Core Concepts
WaZI is a learned and workload-aware variant of the Z-index, optimizing storage layout and search structures for spatial query performance.
Abstract
The content introduces WaZI, a novel approach to spatial indexing that combines machine learning models with Z-index structure. It addresses the challenges of spatial indexing by optimizing storage layout and search structures based on data distribution and query workload. The paper outlines the cost function formulation, adaptive partitioning, ordering strategies, and a page-skipping mechanism to enhance query performance. Experimental results demonstrate significant improvements in range query time compared to state-of-the-art indexes.
Introduction
Learned indexes aim to improve query performance by utilizing machine learning models.
Traditional spatial indexes like R-trees have limitations in handling large volumes of spatial data.
Related Work
Traditional spatial indexes are categorized into space partitioning-based, data partitioning-based, and data transformation-based indexes.
Learned indexes like RMI have shown benefits in reducing index sizes and query latency.
The Base Z-Index
The Z-index uses hierarchical partitioning and ordering to facilitate range queries efficiently.
Monotonicity property of the Z-index aids in processing range queries effectively.
The WaZI Index
WaZI optimizes partitioning and ordering based on data distribution and query workload.
Adaptive partitioning and ordering strategies are employed to minimize retrieval costs during range queries.
Skipping Mechanism
Introduces look-ahead pointers to skip irrelevant leaf nodes during range query processing.
Algorithm for constructing look-ahead pointers is presented for efficient skipping.
Experiments
Real-world datasets from OpenStreetMap are used along with skewed semi-synthetic query workloads.
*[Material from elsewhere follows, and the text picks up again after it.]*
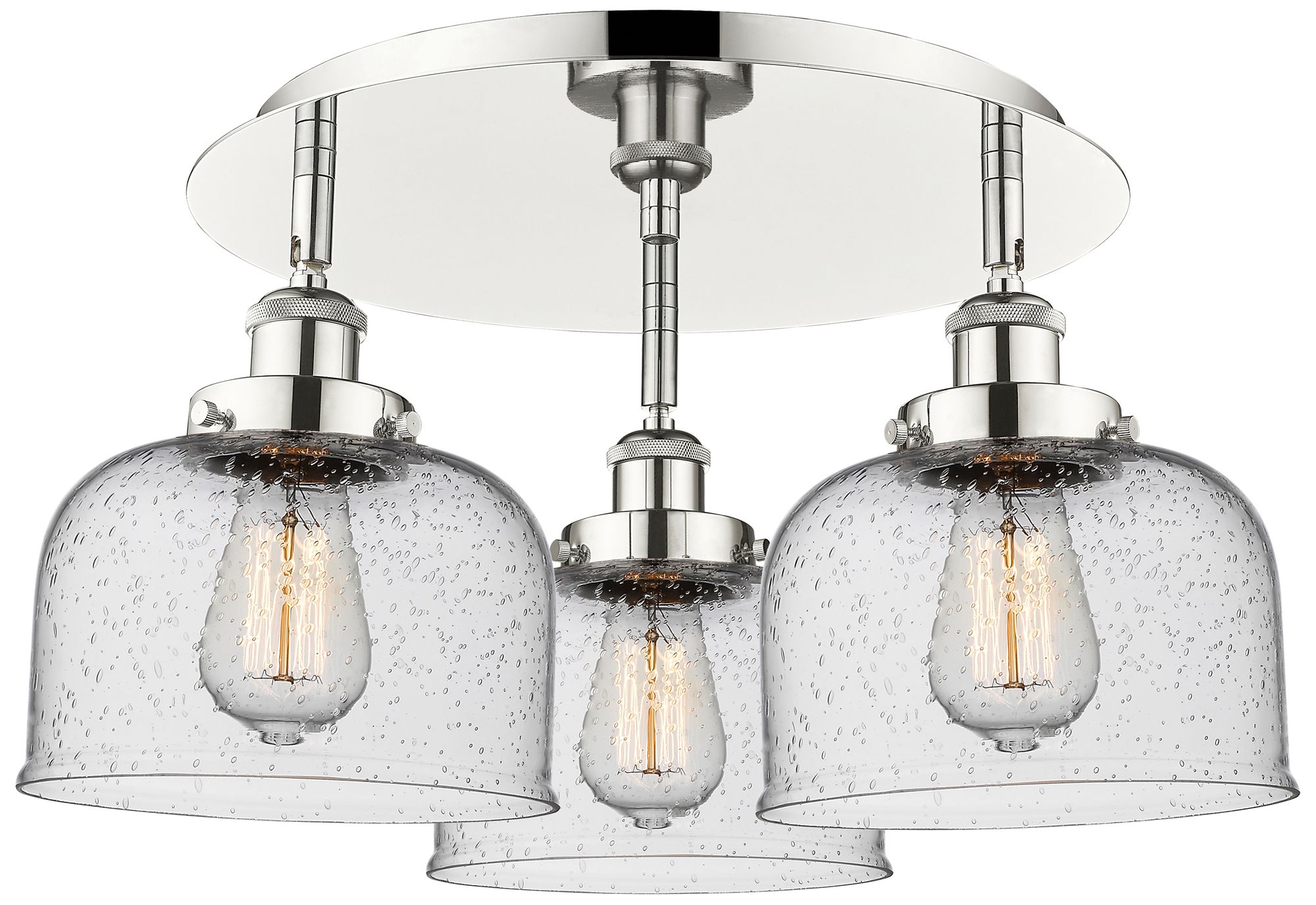 Bell 19.75" Wide 3 Light Polished Nickel Flush Mount With Seedy Glass
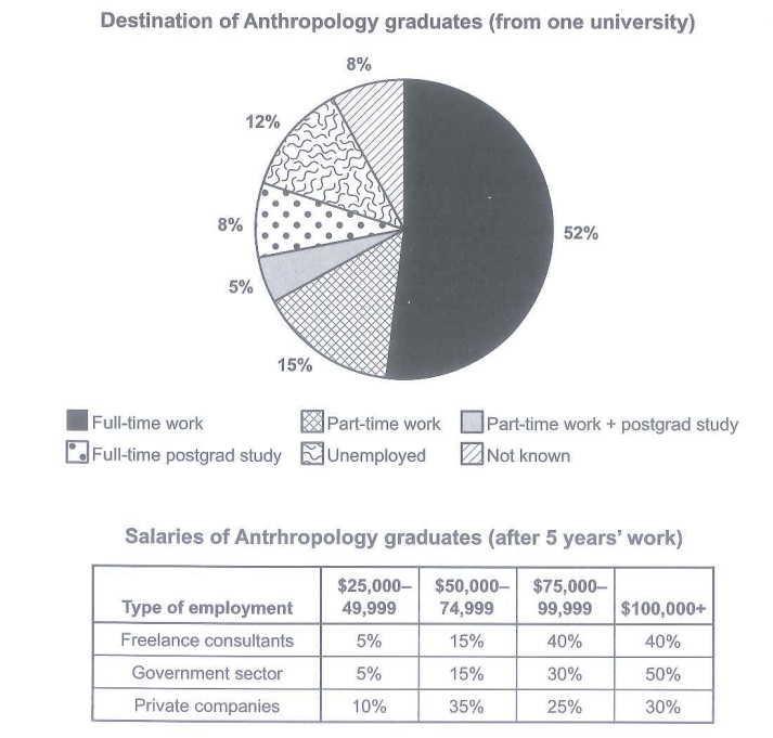 The chart below shows what Anthropology graduates from one university did after finishing their undergraduate degree course. The table shows the salaries of the anthropologists in work after five years. Summarize the information by selecting and reporting the main features, and make comparisons where relevant. |

Comparison with baselines like STR, CUR, Flood, QUASII, and Base shows significant improvements in range query performance with WaZI.
Stats
Our extensive experiments show that the WaZI index improves range query time by 40% on average over the baselines while always performing better or comparably to state-of-the-art spatial indexes.
Quotes
"We propose a generalization of the Z-index that adapts gracefully to both the distribution of spatial data and the workload of range queries."
"Our aim is for the index to be adaptive to the given data and anticipated range queries."